In an essence the Romanian and South African economy structures show similarities in the challenges they face. Both Countries’ economies have suffered from years of economic sanctions and isolation due to political mismanagement and oppression. In order for CFO’s to truly understand challenges faced, would it be wise, when future planning, to understand and include the social economics of the country as well? South African CFO’s tend to tread with conservancy and sometimes act with scepticism towards future economic growth and planning. Many larger companies are focusing on off-shore investing opposed to local portfolios. Why? Is it simply financial savvy, or perhaps a result of a skewed understanding and the lack of wiliness to solve social economic challenges?
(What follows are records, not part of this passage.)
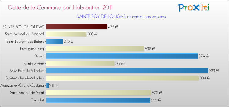 Par rapport aux 248 habitants de Sainte-Foy-de-Longas, en 2011 le poids de cette dette représente 475 € par habitant.
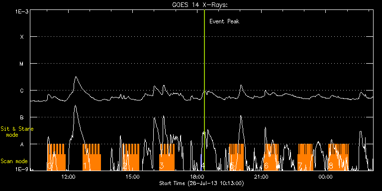 EIS Observation timeline overlay to GOES-Xray curve Code 1" 2" 40" 266" EIS Observations list for this event: STUDY ACRONYM ID DATE OBSERVED DESCRIPTION NOAA# TARGET 0 HH_Flare_162x152 | 35280 | 2013/07/28 11:01:04 | AR and Flare Observation | 1800 | Flare TIMELINE ID DATE OBSERVED FITS FILE XCEN (+W/-E) YCEN (+N/-S) DUR ----------------------------------------------------------------------------------------------------------------- 35280 | 2013/07/28 11:01:04.000 | eis_l0_20130728_110104.fits.gz | 829.52 | -200.65 | 4m10s 35280 | 2013/07/28 11:05:17.000 | eis_l0_20130728_110517.fits.gz | 829.83 | -200.80 | 4m11s 35280 | 2013/07/28 11:09:31.000 | eis_l0_20130728_110931.fits.gz | 830.06 | -200.65 | 4m10s 35280 | 2013/07/28 11:13:44.000 | eis_l0_20130728_111344.fits.gz | 830.37 | -200.73 | 4m10s 35280 | 2013/07/28 11:17:57.000 | eis_l0_20130728_111757.fits.gz | 830.67 | -200.57 | 4m11s 35280 | 2013/07/28 11:22:11.000 | eis_l0_20130728_112211.fits.gz | 830.98 | -200.42 | 4m10s 35280 | 2013/07/28 11:26:24.000 | eis_l0_20130728_112624.fits.gz | 831.22 | -200.57 | 4m11s 35280 | 2013/07/28 11:30:37.000 | eis_l0_20130728_113037.fits.gz | 831.37 | -200.34 | 4m11s 35280 | 2013/07/28 11:34:51.000 | eis_l0_20130728_113451.fits.gz | 831.68 | -200.34 | 4m10s 35280 | 2013/07/28 11:39:04.000 | eis_l0_20130728_113904.fits.gz | 832.07 | -200.34 | 4m11s 35280 | 2013/07/28 11:43:18.000 | eis_l0_20130728_114318.fits.gz | 832.45 | -200.42 | 4m10s 35280 | 2013/07/28 11:47:31.000 | eis_l0_20130728_114731.fits.gz | 832.61 | -200.26 | 4m11s 1 HH_Flare_162x152 | 35281 | 2013/07/28 12:40:24 | AR and Flare Observation | 1800 | Flare TIMELINE ID DATE OBSERVED FITS FILE XCEN (+W/-E) YCEN (+N/-S) DUR ----------------------------------------------------------------------------------------------------------------- 35281 | 2013/07/28 12:40:24.000 | eis_l0_20130728_124024.fits.gz | 836.08 | -199.49 | 4m10s 35281 | 2013/07/28 12:44:37.000 | eis_l0_20130728_124437.fits.gz | 836.47 | -199.41 | 4m10s 35281 | 2013/07/28 12:48:50.000 | eis_l0_20130728_124850.fits.gz | 836.70 | -199.49 | 4m11s 35281 | 2013/07/28 12:53:04.000 | eis_l0_20130728_125304.fits.gz | 837.01 | -199.26 | 4m10s 35281 | 2013/07/28 12:57:17.000 | eis_l0_20130728_125717.fits.gz | 837.24 | -199.34 | 4m11s 35281 | 2013/07/28 13:01:31.000 | eis_l0_20130728_130131.fits.gz | 837.55 | -199.26 | 4m10s 35281 | 2013/07/28 13:05:44.000 | eis_l0_20130728_130544.fits.gz | 837.86 | -199.26 | 4m11s 35281 | 2013/07/28 13:09:58.000 | eis_l0_20130728_130958.fits.gz | 838.09 | -199.10 | 4m10s 35281 | 2013/07/28 13:14:11.000 | eis_l0_20130728_131411.fits.gz | 838.40 | -199.03 | 4m11s 35281 | 2013/07/28 13:18:24.000 | eis_l0_20130728_131824.fits.gz | 838.71 | -199.03 | 4m11s 35281 | 2013/07/28 13:22:38.000 | eis_l0_20130728_132238.fits.gz | 838.86 | -199.03 | 4m10s 35281 | 2013/07/28 13:26:51.000 | eis_l0_20130728_132651.fits.gz | 839.17 | -198.87 | 4m11s 2 HH_Flare_162x152 | 35282 | 2013/07/28 14:31:12 | AR and Flare Observation | 1800 | Flare TIMELINE ID DATE OBSERVED FITS FILE XCEN (+W/-E) YCEN (+N/-S) DUR ----------------------------------------------------------------------------------------------------------------- 35282 | 2013/07/28 14:31:12.000 | eis_l0_20130728_143112.fits.gz | 843.34 | -198.18 | 4m10s 35282 | 2013/07/28 14:35:25.000 | eis_l0_20130728_143525.fits.gz | 843.58 | -198.02 | 4m11s 35282 | 2013/07/28 14:39:38.000 | eis_l0_20130728_143938.fits.gz | 843.89 | -198.02 | 4m11s 35282 | 2013/07/28 14:43:52.000 | eis_l0_20130728_144352.fits.gz | 844.19 | -198.02 | 4m11s 35282 | 2013/07/28 14:48:05.000 | eis_l0_20130728_144805.fits.gz | 844.35 | -197.87 | 4m11s 35282 | 2013/07/28 14:52:19.000 | eis_l0_20130728_145219.fits.gz | 844.73 | -197.87 | 4m10s 35282 | 2013/07/28 14:56:32.000 | eis_l0_20130728_145632.fits.gz | 844.97 | -197.71 | 4m11s 35282 | 2013/07/28 15:00:46.000 | eis_l0_20130728_150046.fits.gz | 845.20 | -197.87 | 4m10s 35282 | 2013/07/28 15:04:59.000 | eis_l0_20130728_150459.fits.gz | 845.51 | -197.71 | 4m11s 35282 | 2013/07/28 15:09:12.000 | eis_l0_20130728_150912.fits.gz | 845.66 | -197.64 | 4m11s 35282 | 2013/07/28 15:13:26.000 | eis_l0_20130728_151326.fits.gz | 845.97 | -197.56 | 4m11s 3 HH_Flare_162x152 | 35283 | 2013/07/28 16:14:25 | AR and Flare Observation | 1800 | Flare TIMELINE ID DATE OBSERVED FITS FILE XCEN (+W/-E) YCEN (+N/-S) DUR ----------------------------------------------------------------------------------------------------------------- 35283 | 2013/07/28 16:14:25.000 | eis_l0_20130728_161425.fits.gz | 849.76 | -196.79 | 4m10s 35283 | 2013/07/28 16:18:38.000 | eis_l0_20130728_161838.fits.gz | 850.06 | -196.79 | 4m11s 35283 | 2013/07/28 16:22:51.000 | eis_l0_20130728_162251.fits.gz | 850.30 | -196.79 | 4m11s 35283 | 2013/07/28 16:27:05.000 | eis_l0_20130728_162705.fits.gz | 850.53 | -196.79 | 4m10s 35283 | 2013/07/28 16:31:18.000 | eis_l0_20130728_163118.fits.gz | 850.76 | -196.63 | 4m11s 35283 | 2013/07/28 16:35:32.000 | eis_l0_20130728_163532.fits.gz | 851.07 | -196.55 | 4m11s 35283 | 2013/07/28 16:39:46.000 | eis_l0_20130728_163946.fits.gz | 851.30 | -196.55 | 4m10s 35283 | 2013/07/28 16:43:59.000 | eis_l0_20130728_164359.fits.gz | 851.61 | -196.40 | 4m11s 35283 | 2013/07/28 16:48:13.000 | eis_l0_20130728_164813.fits.gz | 851.76 | -196.40 | 4m10s 35283 | 2013/07/28 16:52:26.000 | eis_l0_20130728_165226.fits.gz | 852.07 | -196.40 | 4m11s 4 PRY_slot_contextLITE | 35284 | 2013/07/28 18:09:33 | | 1801 | Active Region TIMELINE ID DATE OBSERVED FITS FILE XCEN (+W/-E) YCEN (+N/-S) DUR ----------------------------------------------------------------------------------------------------------------- 35284 | 2013/07/28 18:09:33.000 | eis_l0_20130728_180933.fits.gz | -15.29 | -0.50 | 2m56s 5 Cam_flare_diag | 35285 | 2013/07/28 19:31:33 | flare observation | | Flare TIMELINE ID DATE OBSERVED FITS FILE XCEN (+W/-E) YCEN (+N/-S) DUR ----------------------------------------------------------------------------------------------------------------- 35285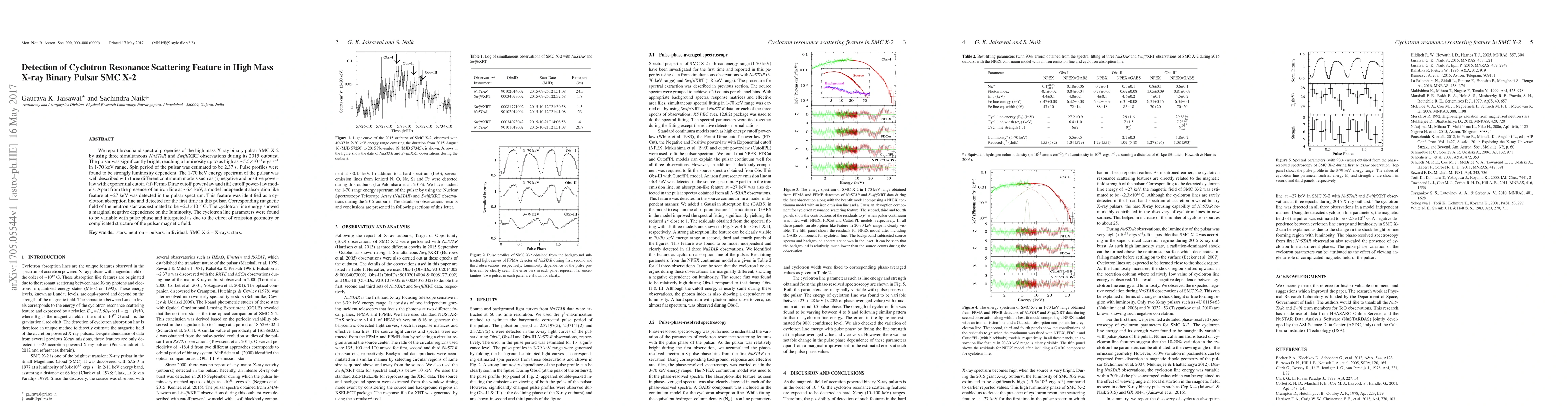 We report broadband spectral properties of the high mass X-ray binary pulsar SMC X-2 by using three simultaneous $NuSTAR$ and $Swift$/XRT observations during its 2015 outburst. The pulsar was significantly bright, reaching a luminosity up to as high as $\sim$5.5$\times$10$^{38}$~ergs~s$^{-1}$ in 1-70 keV range. Spin period of the pulsar was estimated to be 2.37 s. Pulse profiles were found to be strongly luminosity dependent. The 1-70 keV energy spectrum of the pulsar was well described with three different continuum models such as (i) negative and positive power-law with exponential cutoff, (ii) Fermi-Dirac cutoff power-law and (iii) cutoff power-law models. Apart from the presence of an iron line at $\sim$6.4 keV, a model independent absorption like feature at $\sim$27 keV was detected in the pulsar spectrum. This feature was identified as a cyclotron absorption line and detected for the first time in this pulsar. Corresponding magnetic field of the neutron star was estimated to be $\sim$2.3$\times$10$^{12}$ G. The cyclotron line energy showed a marginal negative dependence on the luminosity. The cyclotron line parameters were found to be variable with pulse phase and interpreted as due to the effect of emission geometry or complicated structure of the pulsar magnetic field.

CFO’s in the European state are focusing on mechanics to boost local production and competitiveness within the union and abroad. Both countries have social economics influences that can be perceived negative towards economic growth. Yet Romanian CFO’s are tackling this data with a keen understanding of the negative, a possibly positive, effect social economics has on financial planning. The question remains; are South Africans CFO’s inherently negative? If both states face similar challenges, would the misinterpretation of social economics not skewer financial planning?
“CFO’s would need to factor in and solve social economic challenges in order to overcome negative perceptions” – Karen Smal, Acting Head of ACCA South Africa
Case in point, a joint report recently released by ACCA and Longitude Research highlights the fact that financial institutes using “limited” financial information in order to support small businesses are seen as slow in decision–making, risk-averse and “ripe for disruptions”. Financial institutes in South African are seen as ‘risk-free’ lenders. If a keener understanding of social economics were factored in, would South Africa see a boom in small business activities through investments?
There is no doubt that South Africa faces challenges. However in the spirit of nation building the understanding and willingness to change the social economic landscape, would lead to an investment environment that would show optimism, evening in the darkest times. CFO’s would need to factor in and solve social economic challenges in order to overcome negative perceptions.